难不成?智悦突生一个想法,忍不住浑身寒意,父亲就是故意选中这个才貌俱庸的汤心璇放在霍纯汝身边,才不会让霍纯汝明里暗里的间谍工作被发现。
父亲,您可知道,纯汝一生的幸福,已然葬送。
“你怎么看起来怏怏的,你又不用和这么无聊的人过一辈子,我看袁栋就不错,人长地英俊,还是外交官的公子,与大小姐你,天生一双人啊。”看到霍纯汝的心情转好拿自己开玩笑,智悦也轻松了不少,轻轻地在他身上打了两下以示警告。
“你瞧大哥。”霍纯汝看到汤学鹤儒雅地站在不远处,与一个长者正在交谈。
“汤学鹤?怎么做大哥的,今天反而处处成了陪衬呀。”智悦也感觉出来这个家庭里的某些不可告人的秘密,或者说它,畸形的结构。
“大哥有学问,人且仁义,在这个家族里,身为长子,却没有得到长子应有的待遇,一是因其庶出的身份,而吕夫人有抱病许久,二则,就是那个祸国殃民的井玉竹。”霍纯汝从不掩饰自己对三房一脉的讨厌之情,背地里甚至一声井夫人都懒得称,却直呼其名。
“瞧那位大嫂子,也是个如吕夫人般贤淑的人吧。”汤学鹤的夫人阮慧冬恬静地站在丈夫边上,挽着他的胳膊,也不时地参与到谈话中,一幅夫唱妇随渔舟唱晚的水墨画面。
“大嫂出身名门,自是举止得当,这可好,偏偏凸显了不知分寸的汤心玥出身大家,却缺家少教上不得台面。”看到有人从他们身边过去,智悦轻轻拉了拉纯汝的衣角,叫他当心隔墙有耳。
“你看汤心玥,不放过分毫显示他们夫妻恩爱的机会,坊间谁不知,宋家译早就在外面拈花惹草夜不归宿了,真是可悲。”
“大家族的矛盾不可避免,还要靠你多多担待啊纯汝。”智悦拍拍他的肩膀,提醒他不要忘记自己的使命,同时,也旨在安慰安慰他在此的孤寂。
“有闻汤彦休在外面有个私生子是不是?”智悦稍稍靠近纯汝的身边,掩人耳目地问了一句。
“我也听说过,只是说是传闻,毕竟当年风流倜傥,惹点桃花债实属正常。”纯汝似乎不以为然。“后来又有人说,那不是私生子,那是大帅的侄子,因为兄弟早逝,所以归到岳母大人侯蓝霜的膝下,养在别苑。”

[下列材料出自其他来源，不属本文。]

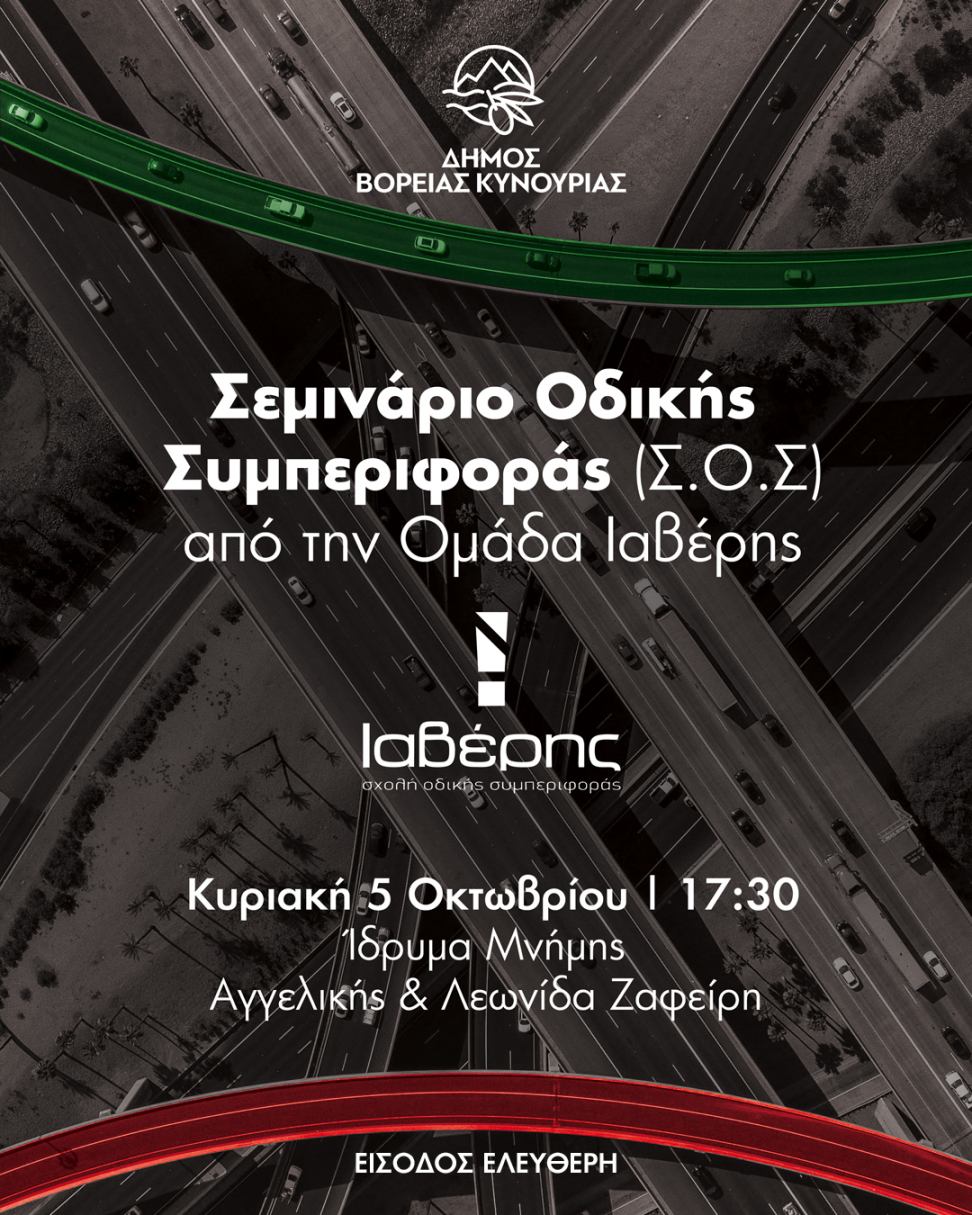 Ο Δήμος Βόρειας Κυνουρίας, σε συνεργασία με τη Σχολή Ιαβέρη, διοργανώνει ένα Σεμινάριο Οδικής Συμπεριφοράς με στόχο την ευαισθητοποίηση του κοινού σε θέματα οδικής ασφάλειας. Η εκδήλωση θα πραγματοποιηθεί την Κυριακή 5 Οκτωβρίου στην αίθουσα του Ιδρύματος Μνήμης Αγγελικής & Λεωνίδα Ζαφείρη, με κεντρικό εισηγητή τον Ιαβέρη junior, γνωστό για τη δράση του στην εκπαίδευση οδικής ασφάλειας.

“谁能人人都像江大帅那样洁身自好啊。”的确,董唯若逝世之前的江宽,作风严谨,从未惹出过桃色绯闻,实在叫人敬佩是个好丈夫好父亲。
智悦苦笑了两下,实在不愿答茬。
毕竟,父亲无论有多爱那个叫尹泠玉的女人,也只埋在心底,而那么多年,也只有那么一个人而已。
如此狭小的心房,如此唯一的心念。
也像母亲,也像周叔,像世间每一个,有情的人。
“大小姐。”不知什么时候,丁九也跟了进来,不声不响地走到了智悦的身边。“盛森的老板林立芳亲自来了。”附耳一句。
“哦,纯汝我先过去给林老板打个招呼。”
“我去看看汤心璇是怎么在自己家迷路的这么久还没回来!”
江智悦带着丁九便朝正与汤学鹤夫妇聊天的林立芳走过去。
“哟那不是上海最著名交际花,百丽宫的习苑荷嘛!”
“是呀,她怎么会来汤家的喜宴?”
“难不成和汤学鸿有关系?”
“汤学鸿花心大少处处留情,谁知道呢。”
“不一定哎,我可是听说习苑荷与汤家姑爷宋家译关系暧昧呢。”
“这样风月场的女人,谁说的清楚,恐怕连自己都不清楚吧。”
习苑荷的出现,成了一道风景,夺人眼球,屏人呼吸,仿佛连空气都在她身上静止,只为一睹芳容。
湖绿色的旗袍没有繁复的绢花朵朵,则是青色的祥云飞鸟的图案,一气呵成的静谧带有婉转的独特感,黑色的狐狸皮袄裹在肩上,在她妖冶的卷发下更显艳色逼人,生生叫周围的佳丽失了颜色。乌黑的盘发仅带着一个银制的蝴蝶夹子,倒略显素净了,只不过衬托的一头乌云,美不可言。旗袍高高的开衩,欲说还休地露出玉腿,让女人嫉妒,男人遐想,这不就是一个交际场上的女人,最高的成就吗?
看起来,像一棵妖冶成精的柳树,青色佳人,一世倾城。
“我是怎么跟你说的!她怎么来了!”看到习苑荷出现最紧张的人,要数汤心玥,她着急且生气,只顾掐着她丈夫宋家译的胳膊不松手,痛的男人紧皱眉头。
“我怎么知道!又不是我约她来的!”不得在大庭广众之下反抗,只得小声却咬牙切齿地反驳着怒不可遏的妻子。